** What to work on **
Without pictures, return the lines from the one containing "下方初步支撑在10均线14." through the last line of the data below, exactly.

Data extracted from a collection:

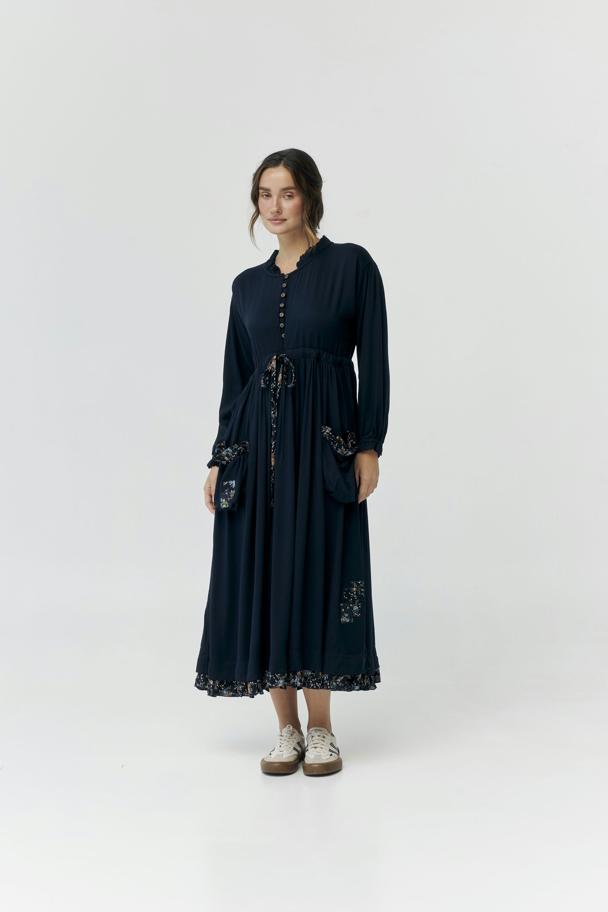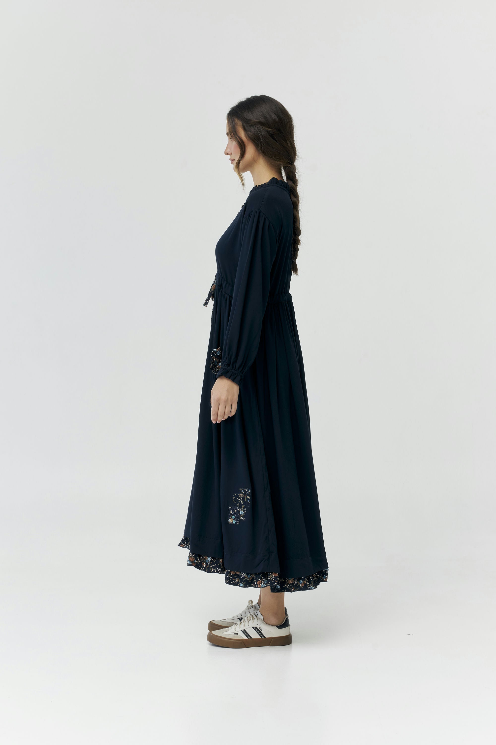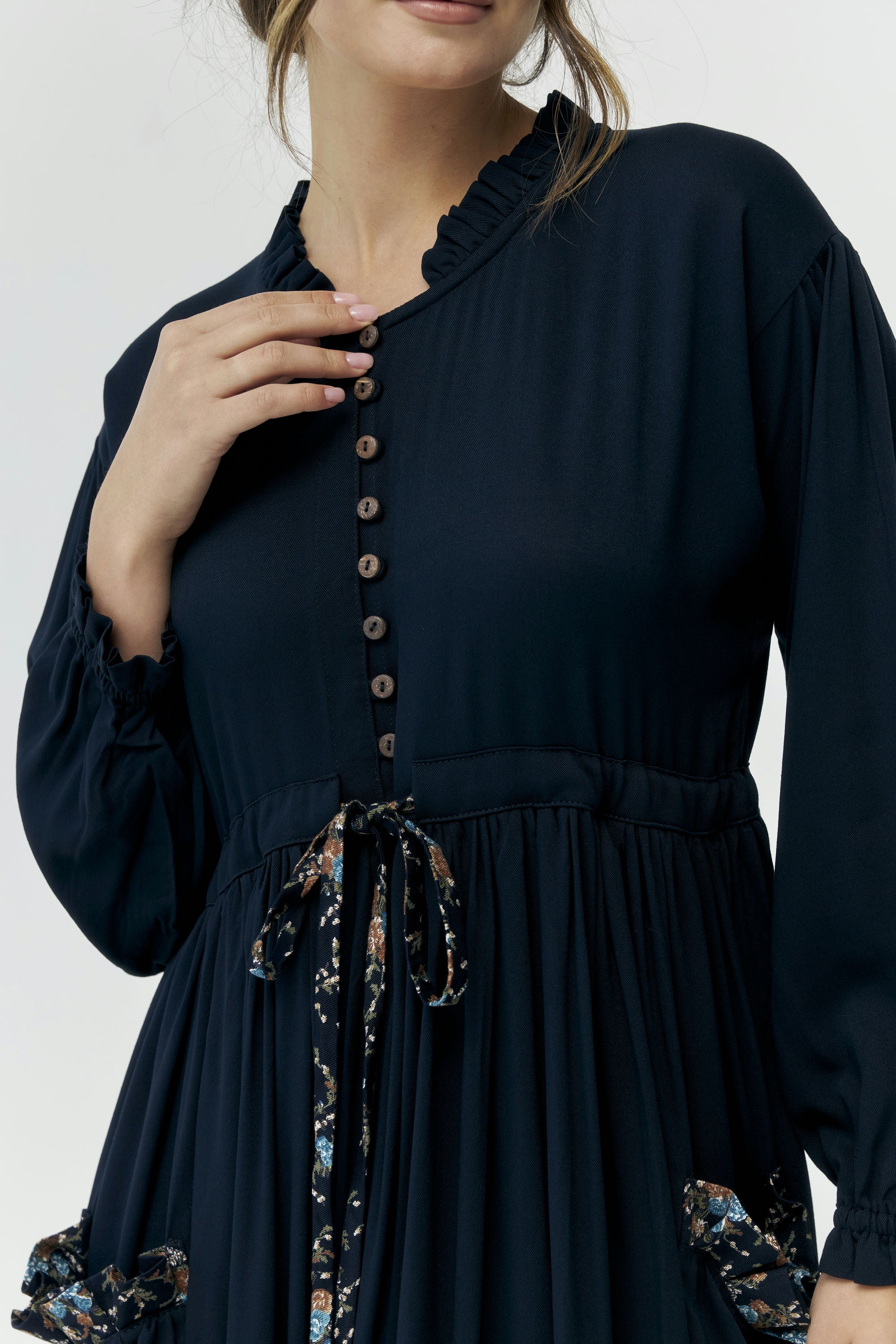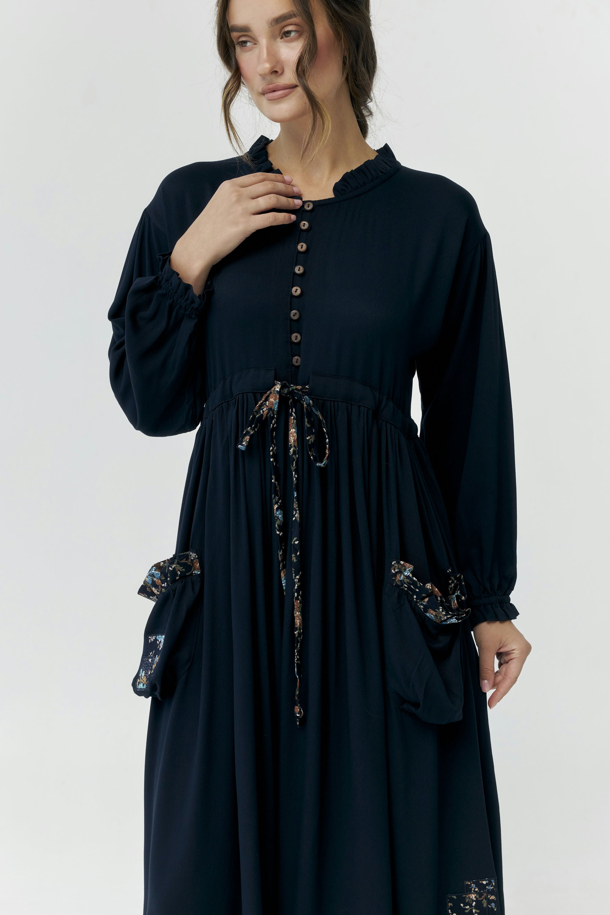 Платье миди с длинными объемными рукавами и ластовицей. Платье имеет пояс-кулиску по линии талии и планку на пуговицах. Воротник, подол и карманы платья отделаны принтованной вискозой. На карманах, рукавах и спинке платье имеет декоративные лоскутки. Цвет лоскутков и отделки может изменяться, сохраняя цветовую гамму и художественную целостность. Ткань - вискоза.
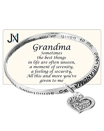 -. Title : Grandma's Love Prayer Twist Engraved Bangle Bracelet with Heart Charm by Jewelry Nexus
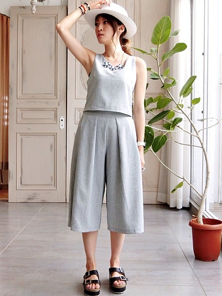 ガウチョのセットアップにコンフォートサンダルで時短の楽ちんコーディネート♡
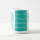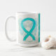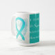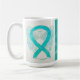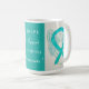 Scleroderma utiliza una cinta de sensibilización verde azulada para mostrar su apoyo a su conciencia. Esta taza de personalizado muestra pinturas artísticas de ángeles de la banda de conciencia verde azulada con el mensaje "¡Espero y apoyo a la conciencia de escleroderma!" La conciencia verde azulada personalizado guardian angel ribbon imagen tazas de café o tazas puede ser personalizada con mensajes personalizados para hacer grandes causas para recaudar fondos, regalos de taza de concientización u otros eventos especiales o causar ocasiones de apoyo. Haz tus propias palabras personalizadas para un mensaje personal de esperanza y apoyo para compartir!
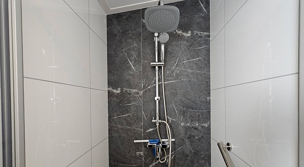 Inloopdouche met regendouche en handdouche en steunbeugel
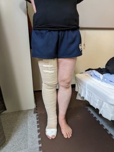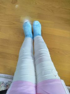 包帯に目覚めるきっかけになった、下肢全長にわたる包帯に出会えることはそうそうなくて、文房具店のおばちゃん以来10年ぶりくらいで、やっと見る機会が訪れました。地元の商店街の洋装店の奥さんが、右下肢全長にわたる圧迫包帯をして […]
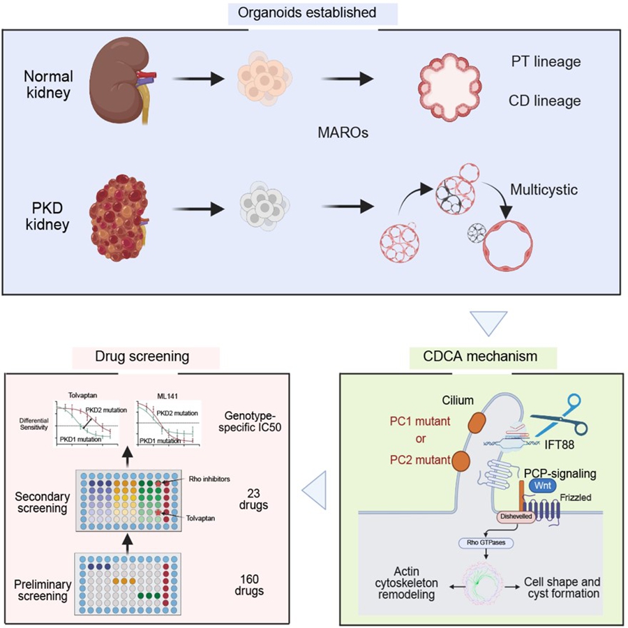 ADPKD是最常见的遗传性肾脏疾病之一,主要表现为肾脏囊肿进行性增大、肾实质损伤及肾功能持续下降,严重者可进展为终末期肾病。由于缺乏能够充分模拟成人起病特点、遗传背景及肾单位多节段来源的人源疾病模型,ADPKD的发病机制研究和药物筛选长期面临挑战。
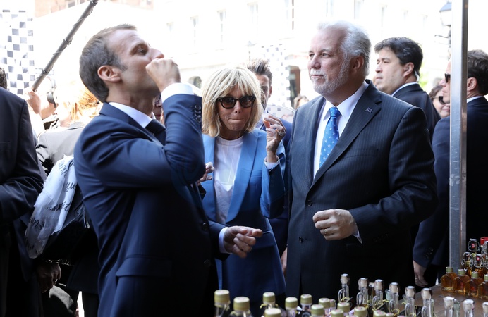 Brigitte i Emmanuel Macron degustuja alkohole w Montrealu
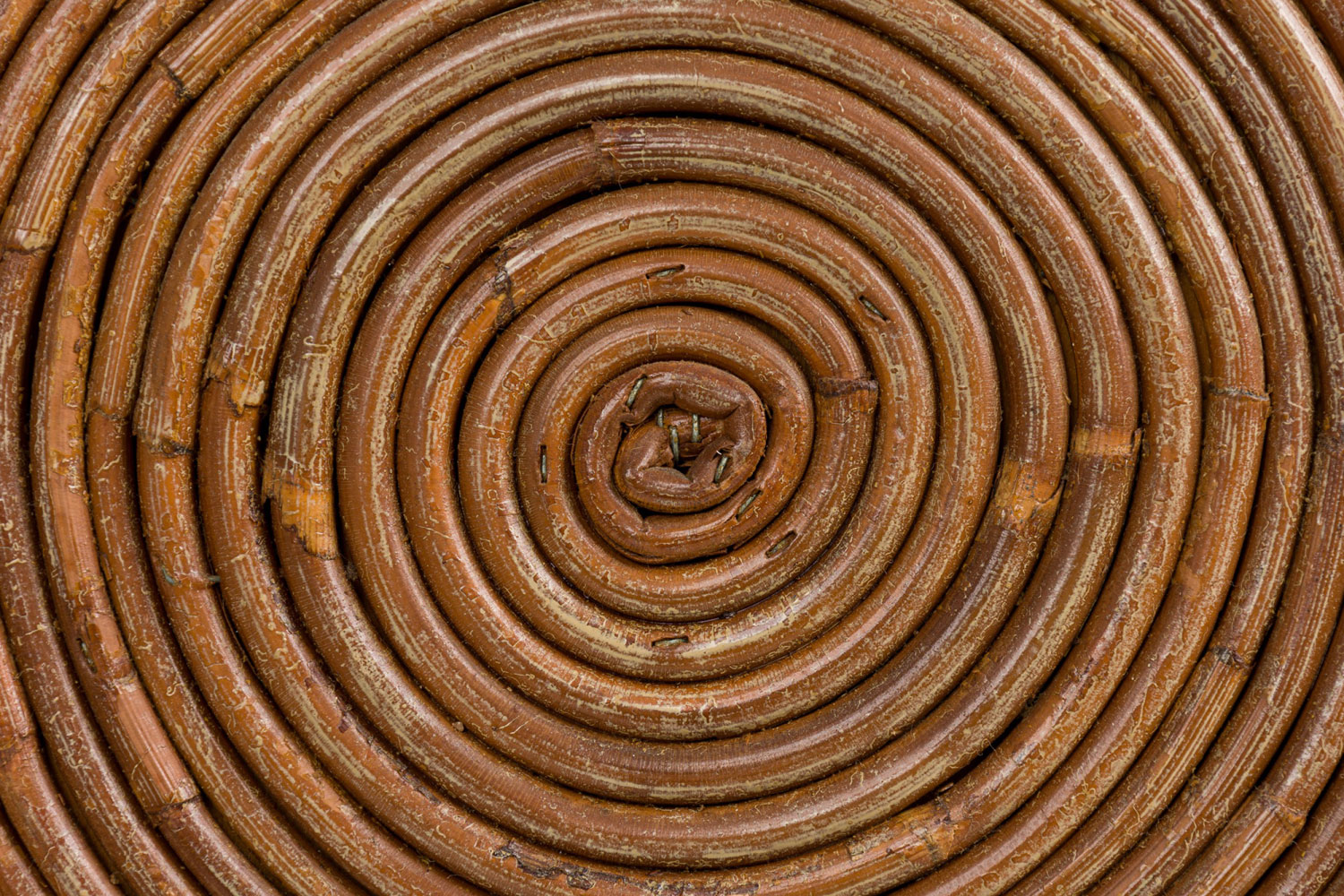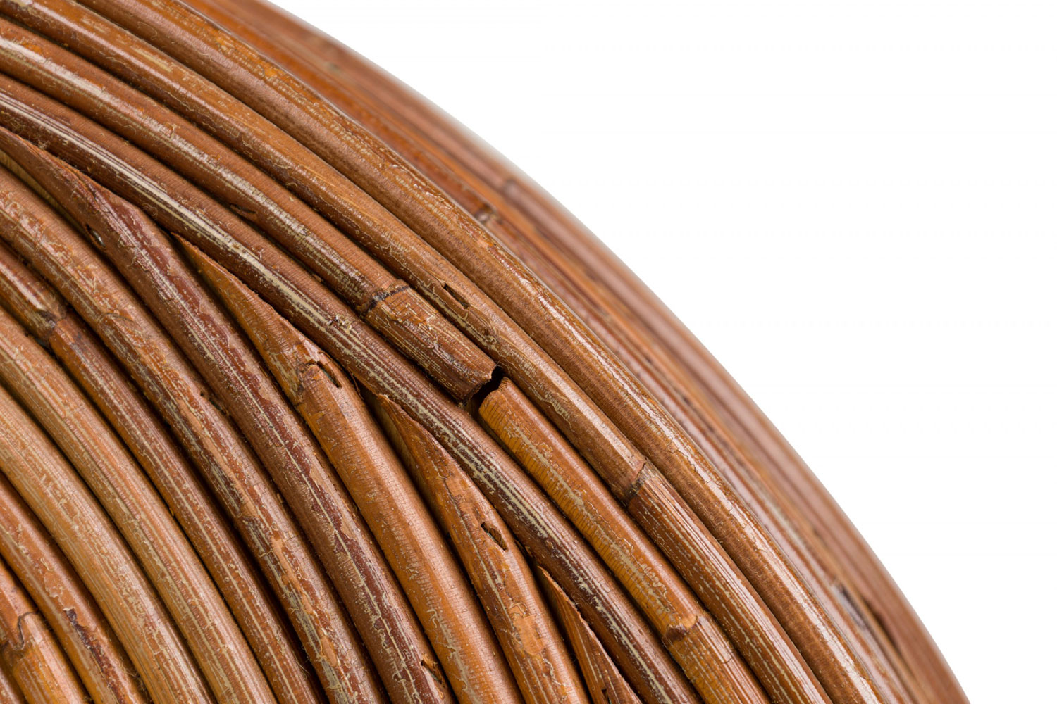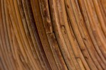 Mid-Century (1970s) Italian table lamp composed of pencil reed in a tapered circular form with extended brass stem and light switch socket, resting on a flattened bottom with an inset wood base. (VIVAI DEL SUD)
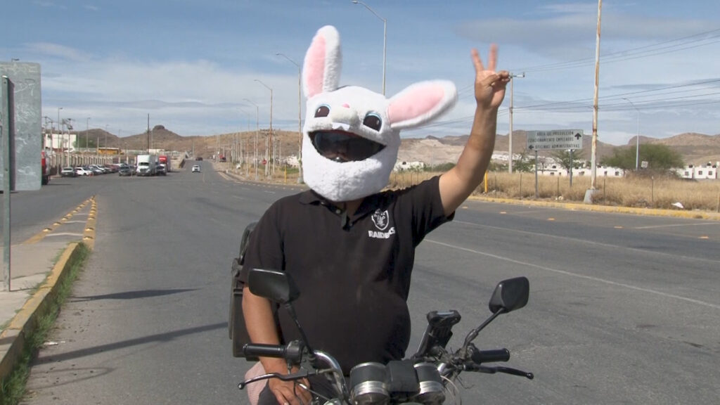 Decidió portar un casco de conejo y bailar con entusiasmo a bordo de su motocicleta mientras realiza su trabajo, con el objetivo de alegrar el día de los chihuahuenses.
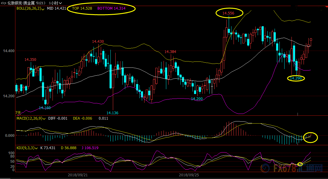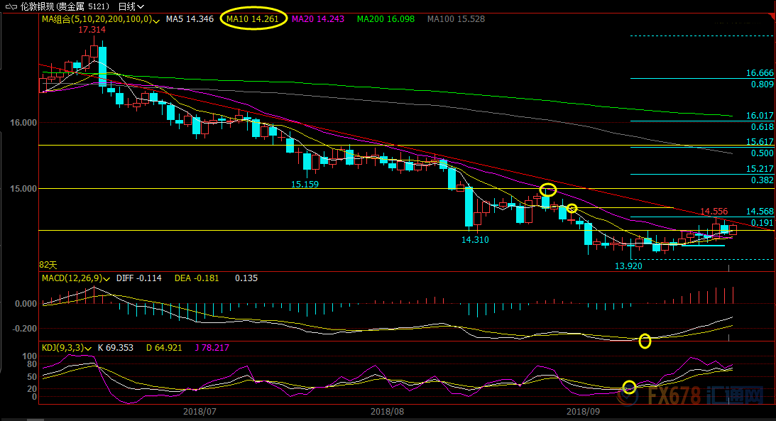 下方初步支撑在10均线14.24附近,如果银价未能顶破14.57阻力,并回落至14.24下方,则削弱短线看涨信号;然后14.14和14.00附近也还分别存在一些支撑;9月11日低点支撑在13.92附近。
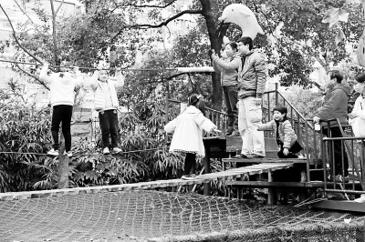 上海和平公園內(nèi),孩子們在勇敢者樂園里參加體育冒險游戲,感受運動快樂,鍛煉身體素質(zhì)。陳玉宇攝/光明圖片

** Answer box **
 下方初步支撑在10均线14.24附近,如果银价未能顶破14.57阻力,并回落至14.24下方,则削弱短线看涨信号;然后14.14和14.00附近也还分别存在一些支撑;9月11日低点支撑在13.92附近。
 上海和平公園內(nèi),孩子們在勇敢者樂園里參加體育冒險游戲,感受運動快樂,鍛煉身體素質(zhì)。陳玉宇攝/光明圖片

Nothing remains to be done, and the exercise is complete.